The for loop consists of:
for(START_STATEMENT; CONDITION_EXPRESSION, LOOP_EXPRESSION) BODY_BLOCK
Where:
START_STATEMENT is any single statement, which may include variable declaration. If you want to declare 2 variables, you can write int i=0, j=0, but not int i=0; int j=0 because the latter are actually 2 statements. Also node, that variable declaration is a part of statement, but cannot be a part of (sub) expression. That is why int i=0, int j=0 would also be incorrect.
CONDITION_EXPRESSION is any single expression that evaluates to a boolean value. In your case you are using a coma operator which has the following semantics: A, B will do:
evaluate A (it will evaluate, not just ignore)
ditch the result of A
evaluate B
return B as the result
In your case: i<3,j<2 you are comparing i<3, you are just ignoring the result of this comparison.
Comma expressions are useful when the instructions have some side effects, beyond just returning a value. Common cases are: variable increment/decrement or assignment operator.

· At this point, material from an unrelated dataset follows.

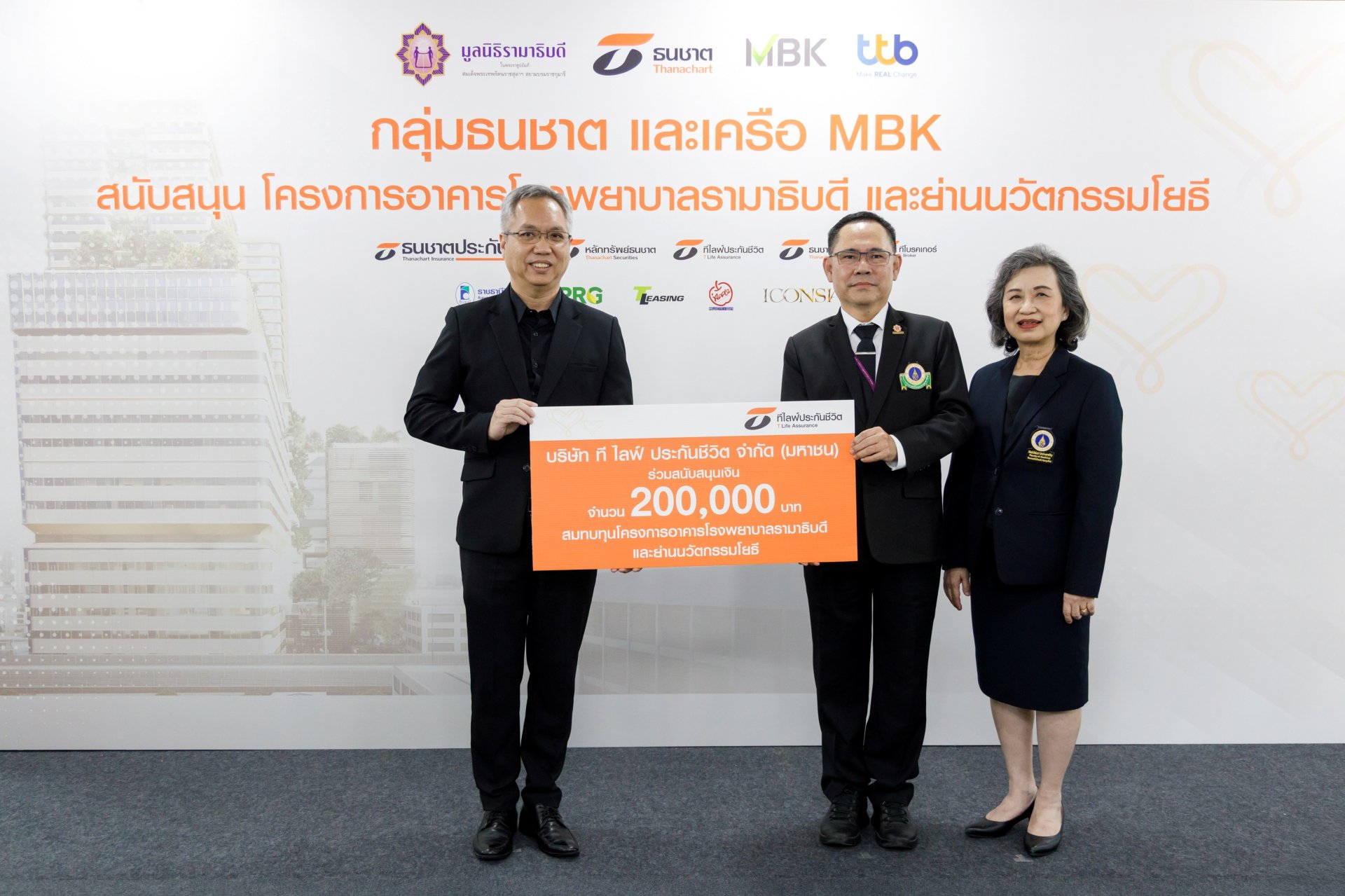 บริษัท ที ไลฟ์ ประกันชีวิต จำกัด (มหาชน) บริษัทในกลุ่มธนชาต ตอกย้ำเจตนารมณ์ด้านความรับผิดชอบต่อสังคม (CSR) มอบเงินสนับสนุนมูลนิธิรามาธิบดีฯ จำนวน 200,000 บาท โดยมี นายวุฒิเลิศ สุวรรณศรี กรรมการผู้จัดการ เป็นผู้แทนในการส่งมอบเงินสนับสนุน และได้รับเกียรติจาก รศ.นพ.ประกาศิต จิรัปปภา กรรมการมูลนิธิรามาธิบดีฯ และ ผศ.สุพัตรา ลีลาภิวัฒน์ ที่ปรึกษา คณะกรรมการบริหารมูลนิธิรามาธิบดีฯ ร่วมรับมอบ ณ อาคารเอ็มบีเค ทาวเวอร์

LOOP_EXPRESSION is any single expression that does not have to evaluate to anything. Here you are using the comma expression again, ignoring the result of the left-hand-side. In this case however, you are not using the result anyway, and just using the ++ side effect - which is to increment the values of your variables.
BODY_BLOCK is either a single statement or a block, encapsulated with curly braces.
The above for can be compared to:
{
START_STATEMENT;
while(EXPRESSION) {
BODY_BLOCK;
LOOP_EXPRESSION;
}
}
The c complier always used second condition.
therefore j<2 is used.
use this for loop
for(i=0,j=0;j<10;i++,j++)